Does generic group black box model prohibit MSB of discrete logarithm?

Question

Black box generic models prohibit calculation of discrete logarithm in groups of order $q=2p+1$ where $p,q$ are random primes to $\Omega(\sqrt{p})$ steps (refer Discrete Logarithm in the generic group model is hard - Theorem by Shoup).

Do the black box generic models also prohibit MSB of discrete logarithm to $\Omega(\sqrt{p})$ steps or is it possible black box generic algorithms can get MSB of discrete logarithms in $polylog(p)$ steps?

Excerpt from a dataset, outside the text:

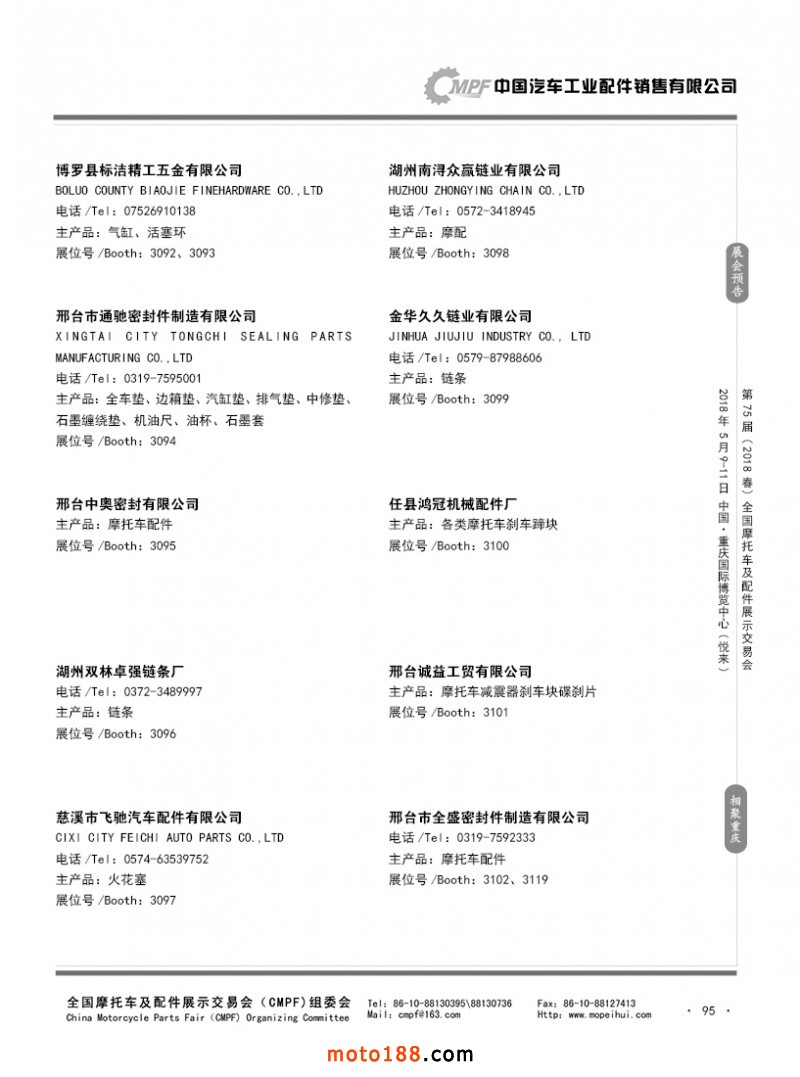 内95 第74届(2017秋)全国摩托车及配件展示交易会-广州站参展企业名录

Note to compute discrete logarithm once you know MSB is trivial but there is interaction (branching depending on MSB is $0$ or $1$) which I am not sure the Black Box models forbid.

Answer 1

which I am not sure the Black Box models forbid"

What the Black Box model forbids is performing any operation on the group elements other than a specific set of operations. In your case, the allowed operations would be:

• The group operation (given $A$ and $B$, return $A \times B$)

• The group inversion operation.

• Comparing two group elements for equality.

• Your msbit oracle (because you're extending the black box model to contain this operation).

Any other operations on group elements are forbidden.

On the other hand, any operations are things which are not group elements are fair game. For example, your msbit oracle returns a bit; this bit is not a group element, and so doing things such as:

 if (oracle_returned_a_one) {
     do_this();
 } else {
     do_that();
 }

are perfectly in play.

So, unless the prime is just above a power of 2, that is, $p = 2^k + \ell$ for $2^k / \text{polylog}(p) < \ell < 2^k$, it should be obvious that you can compute the discrete log with a polynomial number of queries (specifically, $k + \text{polylog}(p)$ queries)